**Exercise directions**
Will you output the entries below exactly, skipping every image they contain?

**Study material**

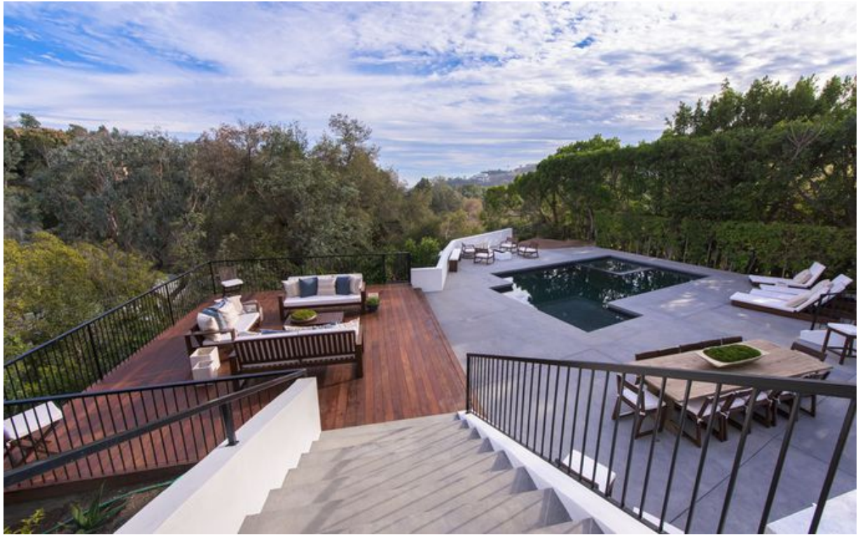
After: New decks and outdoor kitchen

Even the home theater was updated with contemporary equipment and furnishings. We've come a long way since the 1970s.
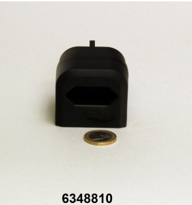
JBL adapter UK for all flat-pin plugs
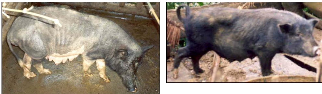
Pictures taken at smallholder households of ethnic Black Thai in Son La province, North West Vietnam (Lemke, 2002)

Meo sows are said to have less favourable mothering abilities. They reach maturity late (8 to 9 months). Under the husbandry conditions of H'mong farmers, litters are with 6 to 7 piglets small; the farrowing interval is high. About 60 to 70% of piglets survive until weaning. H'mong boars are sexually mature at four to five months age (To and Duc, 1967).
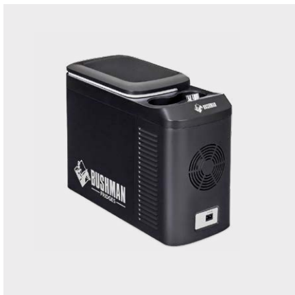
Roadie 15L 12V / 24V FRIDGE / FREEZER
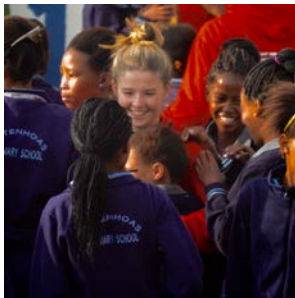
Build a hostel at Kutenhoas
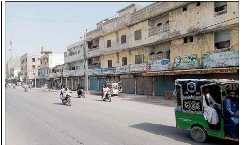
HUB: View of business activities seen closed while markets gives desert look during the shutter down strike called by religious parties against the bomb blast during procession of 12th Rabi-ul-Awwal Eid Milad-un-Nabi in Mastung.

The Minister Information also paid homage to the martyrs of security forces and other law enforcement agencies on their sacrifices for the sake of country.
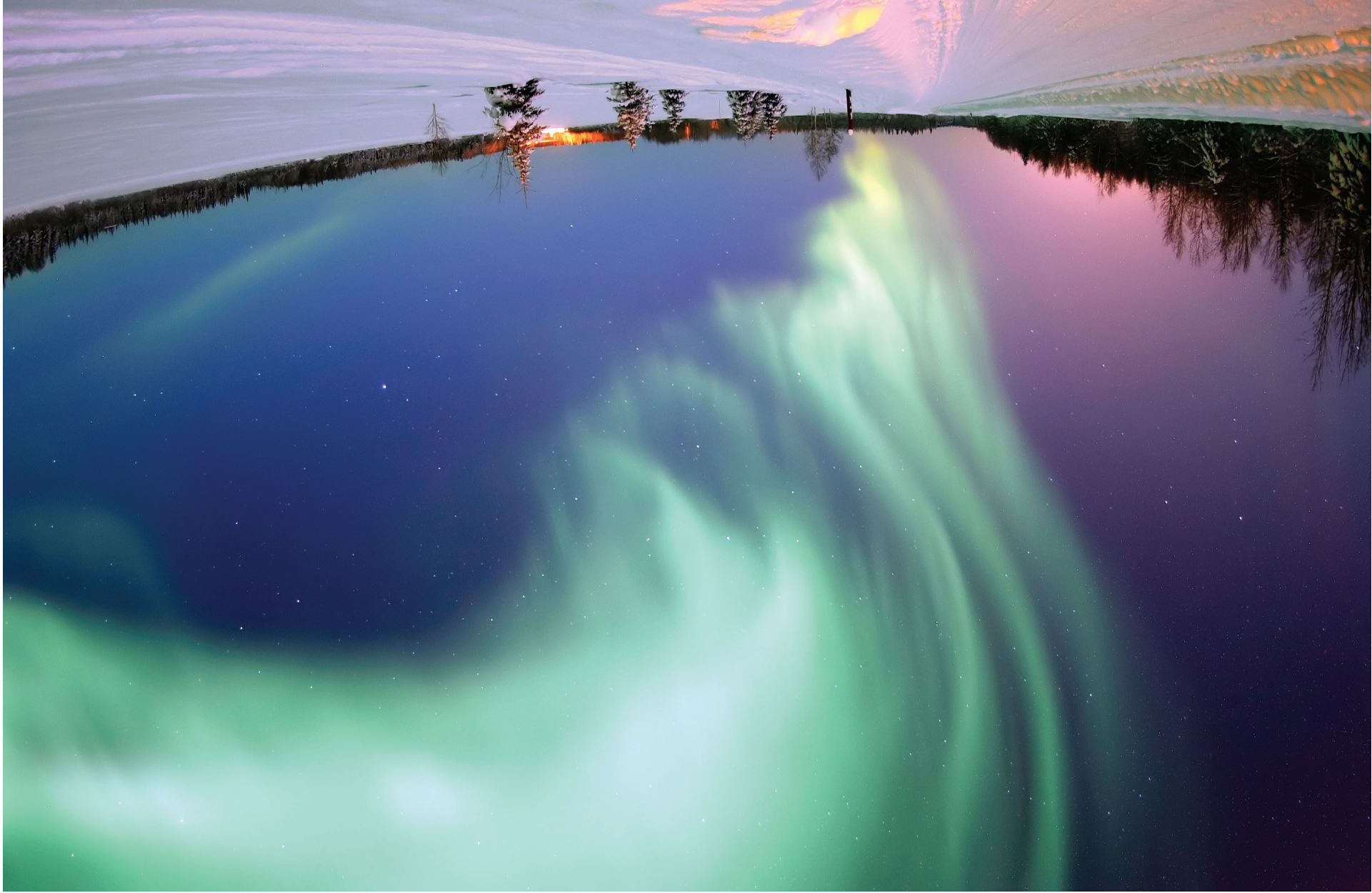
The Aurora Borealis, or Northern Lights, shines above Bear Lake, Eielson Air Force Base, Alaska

**Output**
After: New decks and outdoor kitchen

Even the home theater was updated with contemporary equipment and furnishings. We've come a long way since the 1970s.
JBL adapter UK for all flat-pin plugs
Pictures taken at smallholder households of ethnic Black Thai in Son La province, North West Vietnam (Lemke, 2002)

Meo sows are said to have less favourable mothering abilities. They reach maturity late (8 to 9 months). Under the husbandry conditions of H'mong farmers, litters are with 6 to 7 piglets small; the farrowing interval is high. About 60 to 70% of piglets survive until weaning. H'mong boars are sexually mature at four to five months age (To and Duc, 1967).
Roadie 15L 12V / 24V FRIDGE / FREEZER
Build a hostel at Kutenhoas
HUB: View of business activities seen closed while markets gives desert look during the shutter down strike called by religious parties against the bomb blast during procession of 12th Rabi-ul-Awwal Eid Milad-un-Nabi in Mastung.

The Minister Information also paid homage to the martyrs of security forces and other law enforcement agencies on their sacrifices for the sake of country.
The Aurora Borealis, or Northern Lights, shines above Bear Lake, Eielson Air Force Base, Alaska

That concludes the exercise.